Они двигались десятью колоннами, расходившимися, как спицы в колесе.
Звенели шпоры, развевались красно-бело-зеленые флаги. Тускло сверкали патронные ленты, надетые крест-накрест, подпрыгивали положенные поперек седла винтовки, мелькали тяжелые высокие сомбреро и разноцветные серапе.
За каждым отрядом брели пешком десять — двенадцать женщин, тащивших кухонные принадлежности на головах и спинах, гнали мула, навьюченного мешками с кукурузой.
Джек ехал на передней площадке паровоза, где поселились две женщины и пятеро детей. На узкой железной площадке они разложили костер из веток мескита и пекли лепешки. Над их головами ветер трепал протянутую веревку со свежевыстиранным бельем. Джек лежал, смотрел в вечернее небо и раздумывал о своей жизни.
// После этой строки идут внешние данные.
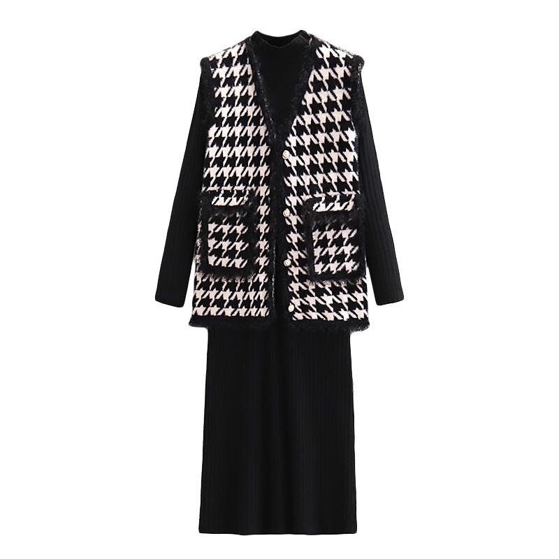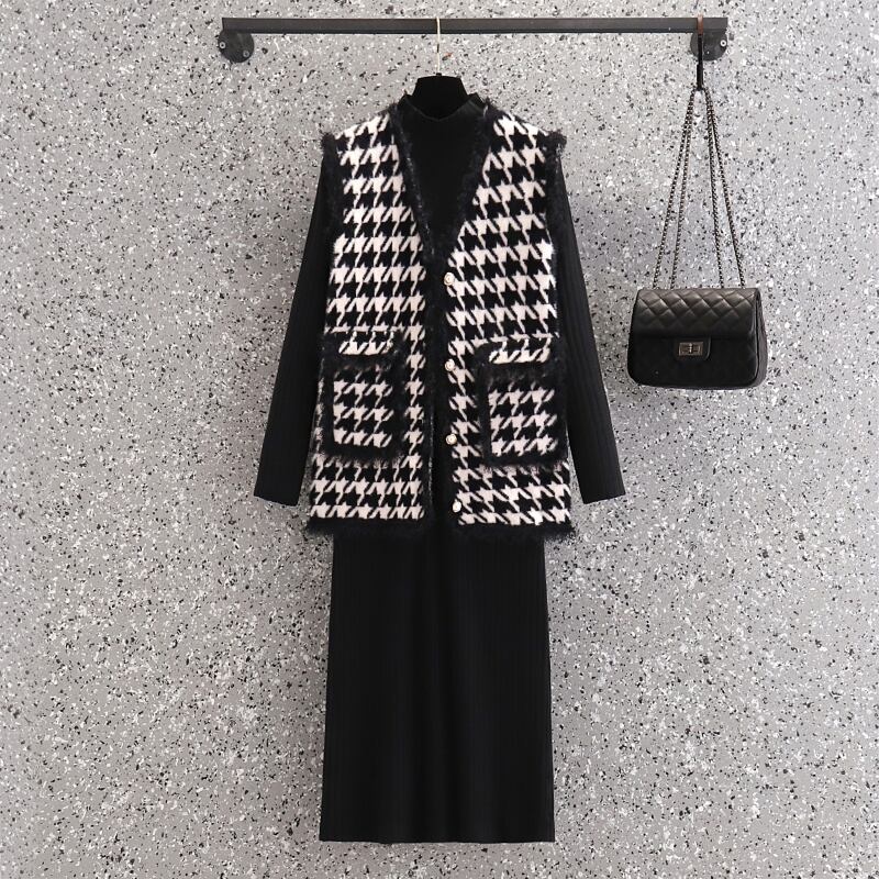 大きいサイズの婦人服2022ファットシスター秋の新作カーディガンベスト洋風ニットベストドレス2点セット 大きめサイズ オータム 秋物 888412004642383

«Почему я здесь?… Я., довольно богатый свободный человек, которого любит одна из самых очаровательных женщин Америки, — почему я здесь? Почему мне так хорошо и легко с этими людьми, несмотря на все опасности, несмотря на то, что идет война?… Война, в которой могут меня убить. Почему я не могу просто уехать и жить „как все люди нашего круга“, как мне говорила моя Мэб?… Может быть, это в моей судьбе?…»
Маленькая девочка подошла к Джеку и протянула ему горячую кукурузную лепешку.
— Поцелуй ее, и дай ей доллар, проклятый гринго! — услышал Джек веселый голос, и к нему на площадку откуда-то сверху, с вагона очень медленно идущего поезда, спрыгнула Беатриса. В руках у нее была винтовка, а ее высокую грудь перепоясывали патронные ленты. Она стояла и смеялась, освещенная лучами закатного солнца на этом медленно тащившемся поезде.
— Я сделаю все, что вы скажете, сеньора, — сказал Джек и, подняв чумазую девочку, поцеловал ее и протянул ей серебряный доллар.
Мать девочки, пожилая изможденная крестьянка, бросилась к Джеку.
— Спасибо, мистер! Спасибо!.. Приходи к моему костру, и я всегда накормлю тебя.
Беатриса подошла к Джеку и положила свои длинные руки на его плечи.
— Я переменила профессию! — сказала она, смеясь. — Теперь ты можешь действительно жениться на мне, — и она поцеловала его в губы страстно и горячо.
У Джека закружилась голова. Положив подбородок на ее плечо, он сказал:
— Да, да. Я женюсь на тебе! Я останусь здесь в Мексике с тобой! Может быть, это действительно моя судьба.
Беатриса откинула голову и звонко рассмеялась.
— Какой ты глупый, глупый гринго!.. Приходи ко мне в вагон сегодня ночью, моя постель отгорожена одеялом. Сегодня это тебе не будет стоить ни одного доллара. — И она вновь поцеловала его.
— Обязательно приду! — сказал Джек.
Италия. 1913 год
В своей роскошной кровати лежит Джек с книгой в руках.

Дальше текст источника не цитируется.